As is clear from Section 265, an assault can occur in a variety of different circumstances. Depending on the exact context of how the touching started, an accused person may or may not be found criminally responsible.
A charge of assault can be proven through evidence of a person who claims to have been assaulted, evidence of other witnesses who claim to have observed the assault, or through video or audio evidence of the incident.
Statements of others about what occurred are evidence in court. As such, even if the incident is NOT captured on video, a trial can occur through the oral testimony of those who witnessed it, and a conviction may follow if the judge finds the Crown witnesses both credible and reliable. In making its decision, the Court is concerned with questions such as, Is the testifying witness being truthful? Do they have a motive to lie? Do they have a good recollection of what occurred? Were they in a position to observe everything that occurred? The job of a criminal defence lawyer is to cross-examine the Crown’s witnesses in order to demonstrate to the Court that it should not rely on the witness’s version of events. Through questioning, the lawyer needs to expose all inconsistencies and flaws in the witness’s evidence, which can only be accomplished through very thorough preparation.
A person charged can testify in their own assault trial; however, they don’t have to. That is a decision that will be made between the accused and their criminal defence lawyer and will depend on factors such as the strength of the Crown’s case and the specific defence raised in response to the charge.
Yes. You can still be charged and convicted of an assault even if you did not actually touch the other individual.
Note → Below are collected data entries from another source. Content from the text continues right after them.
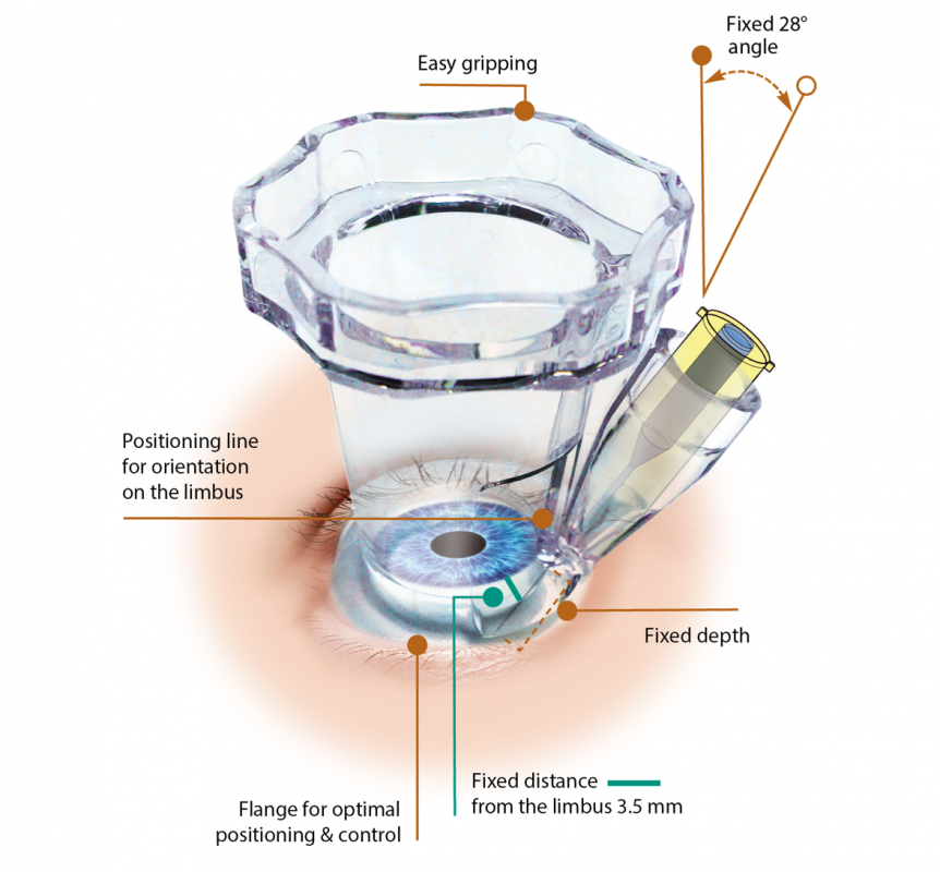 Precivia®, from FCI, simplifies intravitreal injections by making the procedure faster and more predictable. Its unique design presents a guide tube accurately oriented to ensure a fixed injection angle of 28°, a fixed distance at 3.5 mm from the limbus, and a fixed 5.60 mm depth.
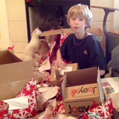 Two cats play in wrapping paper while a boy opens gifts at home. One cat jumps up to grab a box and the box tilts over onto the cat, trapping it.
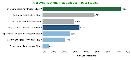The majority of these organizations (over 70%) are conducting impact studies, which is a promising sign of the growing awareness of the importance of measuring impact. However, as we look closer at the types of studies being conducted, we see that the percentage of organizations conducting customer needs assessments or formal quantitative outcome surveys is lower. This limits organizations’ ability to respond to issues affecting customers, understand their needs, or provide clear evidence that they are creating change for customers.
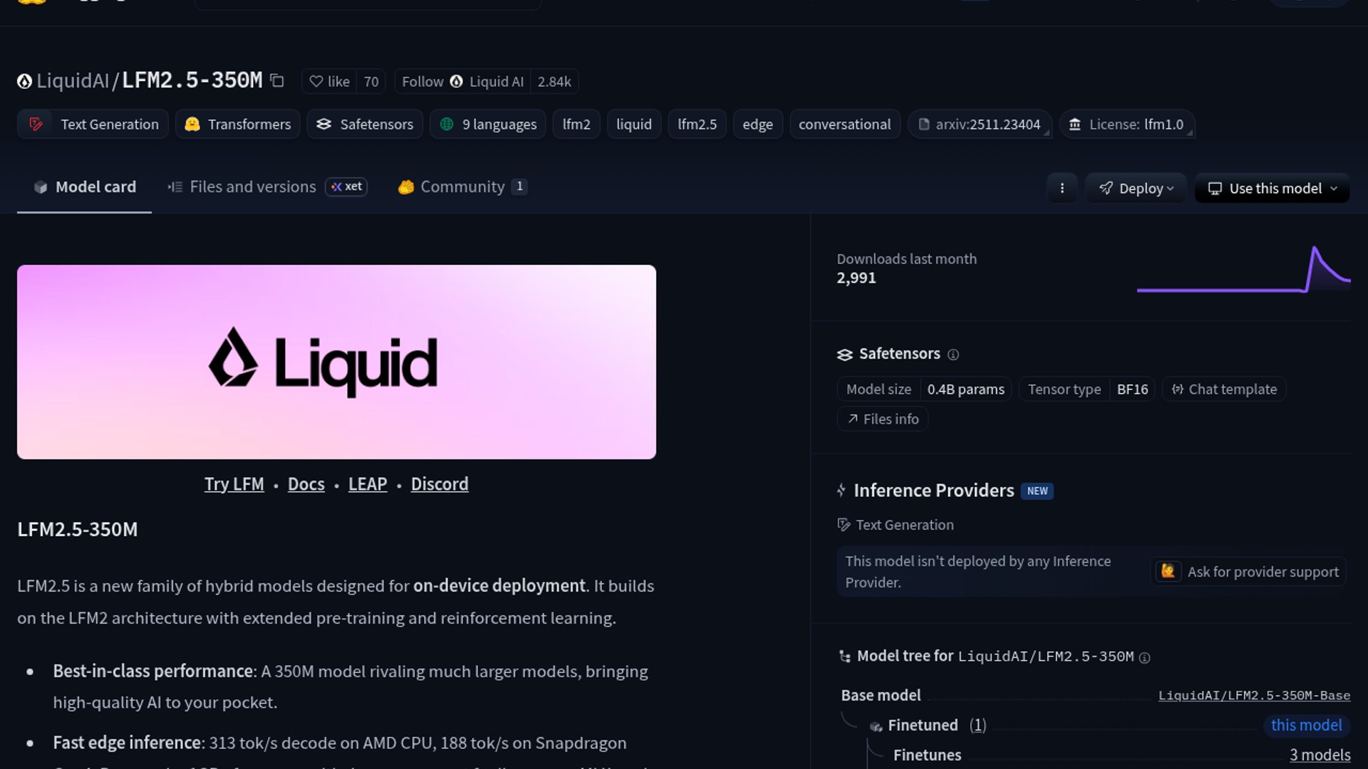 - –Liquid’s own docs position the 350M tier as best for edge deployment and narrow tasks, which is the right frame for evaluating this.
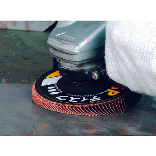 カタログ品番:GP100SA4 特長:●研磨布が基盤から立っているため、弾性があり、加工物によく馴染みます。●基盤の直径が研磨布の外形より小さいため、角の研磨もでき、二面同時研磨もできます。●発熱性がなく、被研磨物を変質させません。 用途:●メッキ前の研磨に、金属表面の研磨。●サビ落とし、バリ取り。●木工、プラスチックの研磨。 仕様:●粒度(#):60●外径(mm):100●羽根長さ(mm):15●穴径(mm):15●最高使用回転数(rpm):13000●羽根枚数(枚):80●最高使用周速度:68m/s(4080m/min)●アランダム砥粒 材質/仕上:●アルミナ砥材
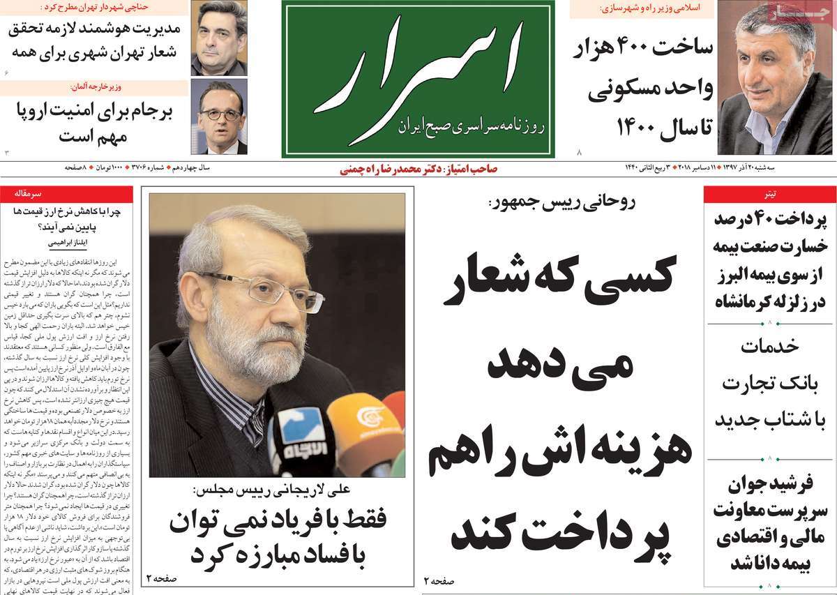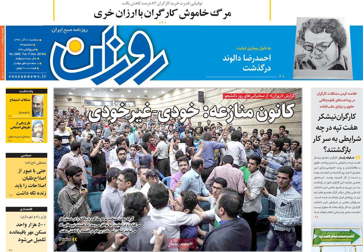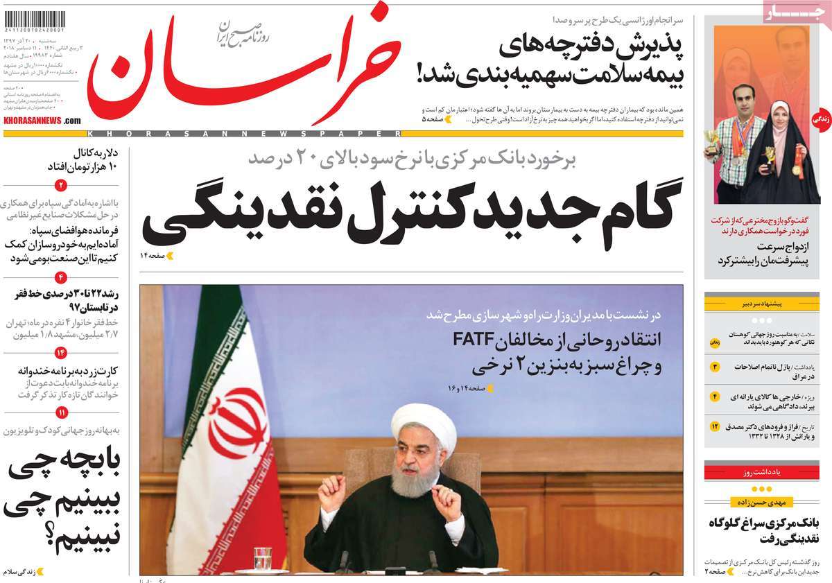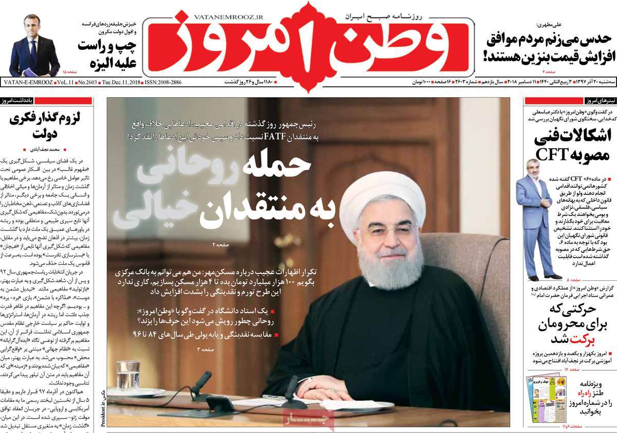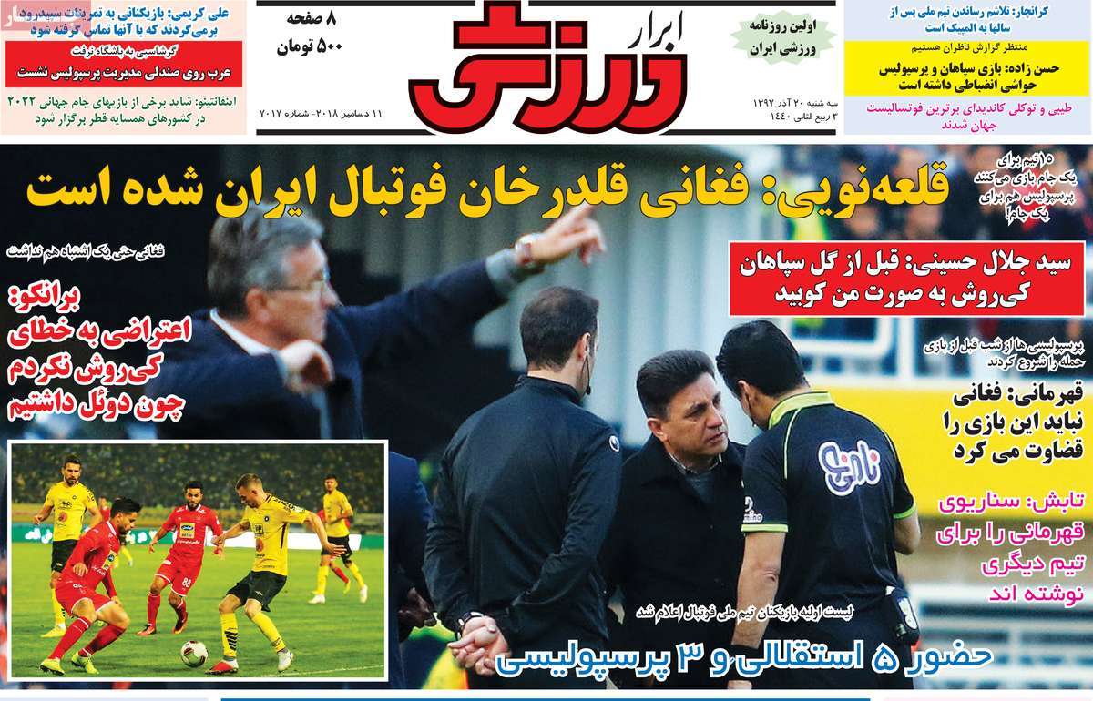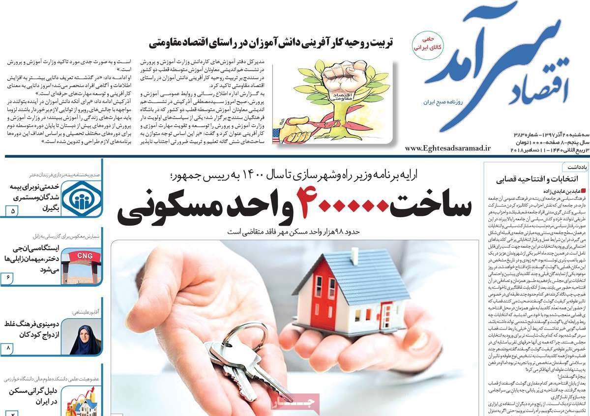 صفحه اول روزنامه های کشوری و استانی؛ سه شنبه 20 آذرماه 1397 /تصاویر

In a situation where one attempts to use force against another, without that person’s consent, the offence of assault is made out and a conviction may follow.
For example, if you try to hit another individual and miss because they were able to evade the blow, you can still be found guilty of an assault. If, however, you raise your arm, thinking of hitting another, and then lower the arm having changed your mind, then an argument can be made that you did not possess the guilty mind and that you did not commit the act of an assault.
In circumstance where the attempted use of force is minor, the Crown prosecutor may be inclined to resolve the charges without the need to have a trial and without any criminal consequences.
Yes. The section of assault covers all touching and attempted touching without consent regardless of whether harm ensues. If actual serious harm is caused, one can be charged with, and convicted of, offences that are more serious in nature such as an aggravated assault or an assault causing bodily harm.
In Canadian Criminal Law one can be held responsible for actions of another if they act as parties to one offence. However, mere presence does not make one a party. According to section 21 of the Criminal Code, a person who does or omits to do anything for the purpose of aiding another person to commit an offence or abets another person in committing the offence, is a party to the offence and will be found guilty on that basis. In addition, where two people form a common intention to carry out an unlawful act, both are guilty of the offence.
Omitting to do something, however, must be for the purpose of aiding the commission of an offence. It is not enough that failing to do something had the effect of aiding the offence, the intention to aid the offence, the guilty intention, must be present.
For example, if you choose not to do anything while observing an assault on another, you are not guilty of any offence unless the Crown can prove that your choice to do nothing was for the purpose of allowing the assault to take place.